A Potential Route out of Negative Equity

Posted on 2 February 2009


A potential route out of negative equity?

My husband and I have a Together mortgage with Northern Rock for £129,000, but since recent price falls believe our house to only be worth c. £110,000. Between us we earn c. £60,000 and can afford to pay our mortgage twice over (which we are currently doing) but are looking to expand our family and therefore need to move quite soon. We are considering buying a second house to use as our main residence, but don't think we'll be able to rent out our current house due to lack of equity.

Therefore, I wondered if it might be an option to buy a repossessed property at below market value, then sometime after completion, remortgaging to release funds that might be used to clear the negative equity on house #1, therefore enabling us to sell it? (e.g. house #2 bought for £130,000 with a 90% mortgage of £117,000; market value of other similar houses on that road ~£160,000, refinance/draw down equity sometime after completion to release the ~£20,000 needed to clear the negative equity in house #1)??? Is this just too complicated, and are there any lenders willing to finance such a move?

Many thanks,

M

Mary,

 

I am doubtful that your plan will work, firstly because buying as far below market value as you are suggesting is unlikely to be easy. Lenders are required by law to obtain the best possible price on repossessed sales, and to be able to demonstrate they have done so, and I therefore suspect that if you were able to a property at an apparent 20% discount to its perceived value it would probably need money spent on it to bring it up to that value. Secondly, although it should be possible to borrow in total up to about 4 times your combined income, this would only allow you to get another mortgage for about £120,000, and so even though borrowing £117,000 to buy the property should be feasible, it would take your total borrowing very close to the limit, particularly bearing in mind you would presumably be looking to borrow 90% of the enhanced value.

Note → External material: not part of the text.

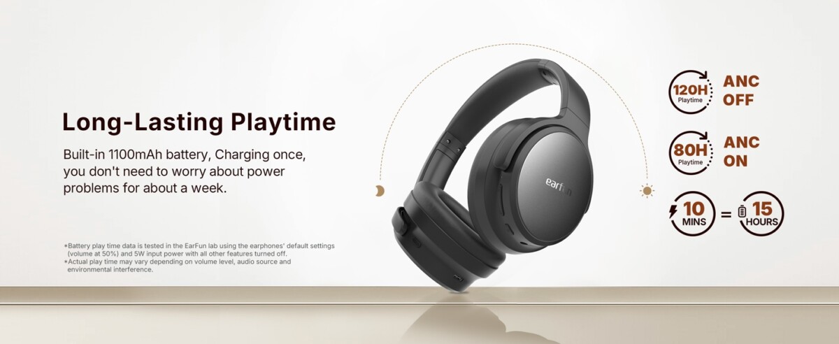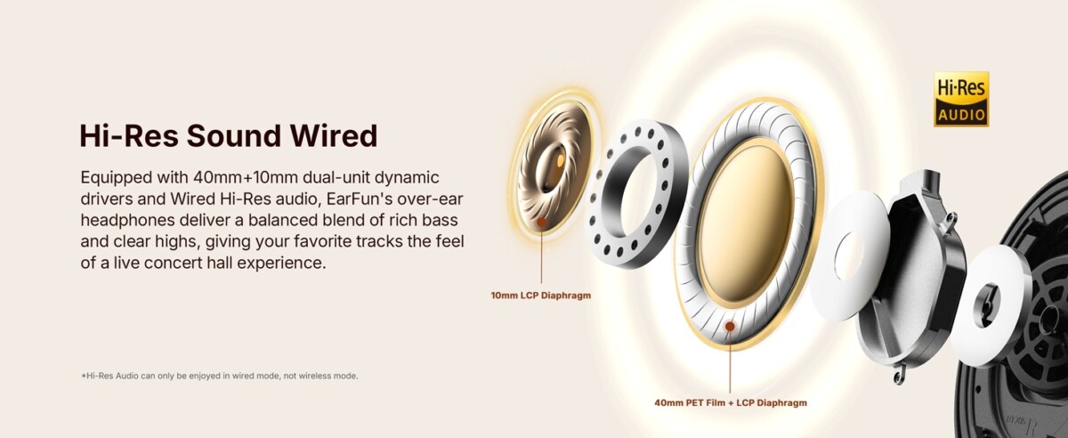 “A fejhallgató 40 mm + 10 mm-es dupla dinamikus meghajtóegységekkel és vezetékes Hi-Res hangzással van felszerelve. Az EarFun fülre illeszkedő fejhallgatója gazdag basszusokat és tiszta magas hangokat ötvöz kiegyensúlyozott módon, így kedvenc zenéid úgy szólnak, mintha egy élő koncertteremben hallgatnád őket.”

I think a more realistic solution to your problem is to persuade Northern Rock to give you permission to let your existing property. I have spoken to Northern Rock about your situation in general and although, as you are well aware, you are way outside their criteria for a Buy to Let mortgage, in particular the 70% maximum LTV allowed, they may consider giving you permission to let, but naturally will need more information than was in your email. Before they can consider this they will need to know what rent you could expect and at least an indication of how much you intend to borrow to finance your new property.

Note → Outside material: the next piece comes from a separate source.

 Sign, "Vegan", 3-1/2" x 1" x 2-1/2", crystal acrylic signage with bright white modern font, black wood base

I therefore suggest you call Northern Rock and explain your situation and ask if they can help by allowing you permission to let, but insist on speaking to one of the underwriters. Don’t go into detail with the call centre staff as they won’t have the authority to take the sort of decisions you need to be made. If Northern Rock agree to do this on acceptable terms please then call us on 0800 71 81 91 so that we can discuss the options with you for a mortgage to finance your purchase.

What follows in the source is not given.